The Kampmann–Wagner Numerical (KWN) model of precipitation is a powerful tool to simulate the precipitation of the second phase considering the nucleation, growth, and coarsening. Some quantities such as interfacial energy and nucleation site number density are required to accomplish the simulation. Practically, those quantities are hard to measure in the experiment directly, and the derivation of those quantities through modeling can also be costly. In this work, we hereby adopt the minimization algorithm implemented in the open-source Scipy Python package to derive that important information in terms of very limited experimental data. The convergence and robustness of different algorithms are discussed. Among those algorithms, the Nelder–Mead and Powell algorithms are successfully applied to optimize multiple parameters during KWN modeling.
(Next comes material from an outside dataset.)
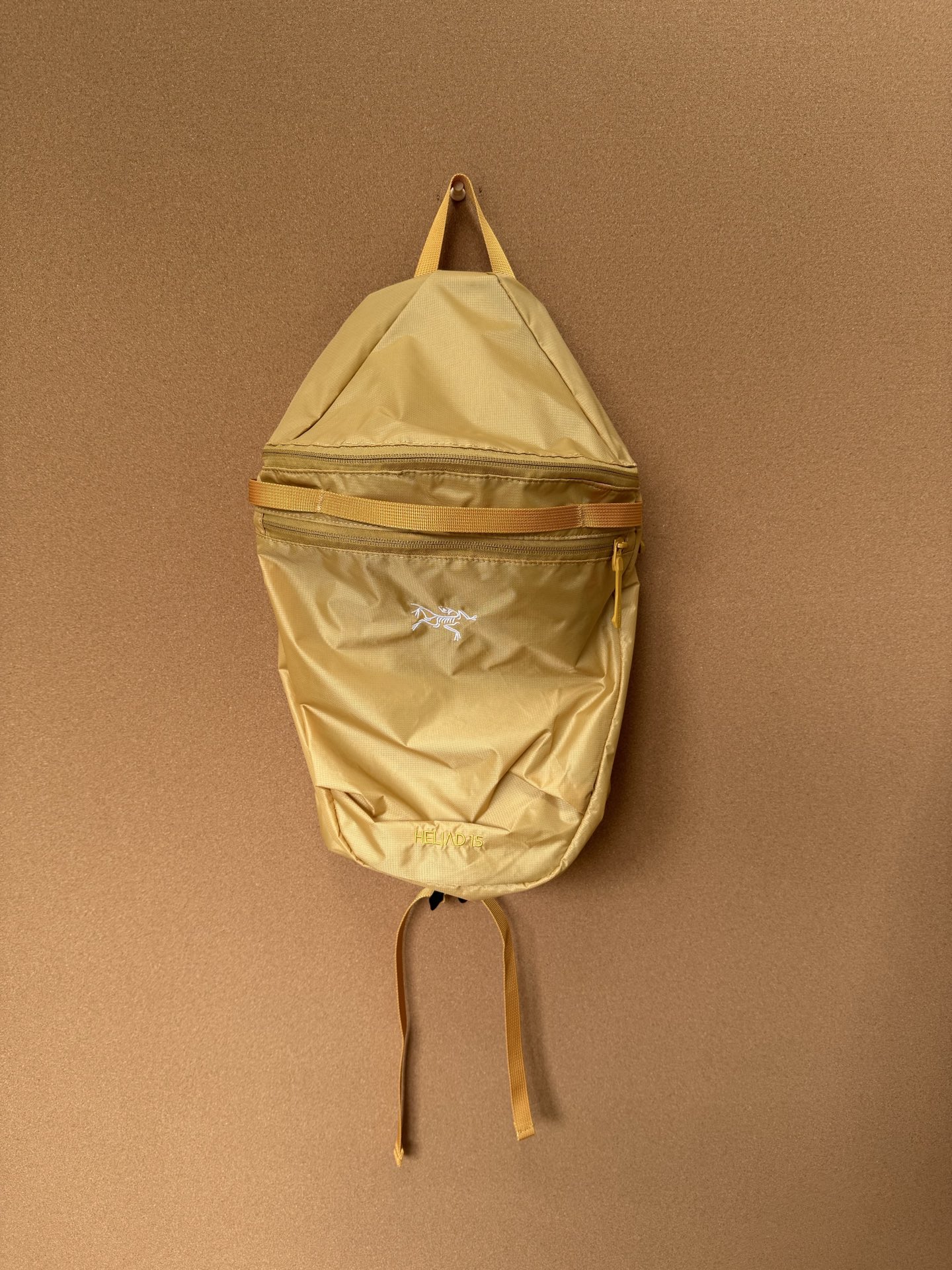 💰125。高版本,区别通货 Arcteryx始祖鸟 HELIAD 15L刺绣徽标双肩包 尺寸:40*25*20cm 颜色:黑色,浅粉,黄色,棕粉,卡其,浅灰,墨绿。 户外多功能登山徒步露营背包,男女同款情侣款,这款又是一款大爆款,夏天超好用的款式!包身采用传统的降落伞防水面料材质,轻便防水手感柔软透气,经典鸟标刺绣是品牌的标配,容量空间也不错日常的随身小物都能装下,自用送闺蜜都炒鸡好!
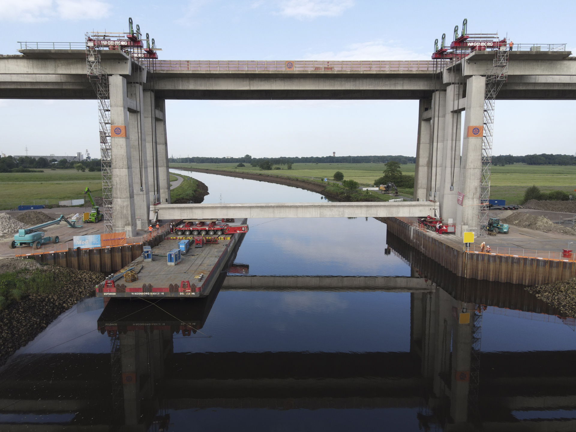 Both girders had a weight of 350 tons and measure more than 50 meters in length. To lower these units safely, the engineering department of Wagenborg came up with a innovative solution combining the lifting and heavy transport expertise of Wagenborg Nedlift and the towage and barge experience of Wagenborg Towage.

This work will shed light on the design of experiments/processes and facilitate integrated computational materials engineering (ICME).

Kampmann-Wagner Numerical （KWN） 降水模型是模拟第二阶段降水的强大工具，考虑了成核、生长和粗化。完成仿真需要一些物理量，例如界面能和成核位点数密度。实际上，这些量很难在实验中直接测量，而且通过建模推导这些量也可能很昂贵。在这项工作中，我们特此采用开源 Scipy Python 包中实现的最小化算法，以非常有限的实验数据得出重要信息。讨论了不同算法的收敛性和鲁棒性。在这些算法中，Nelder-Mead 和 Powell 算法成功地应用于 KWN 建模过程中的多个参数优化。这项工作将阐明实验/过程的设计，并促进集成计算材料工程 （ICME）。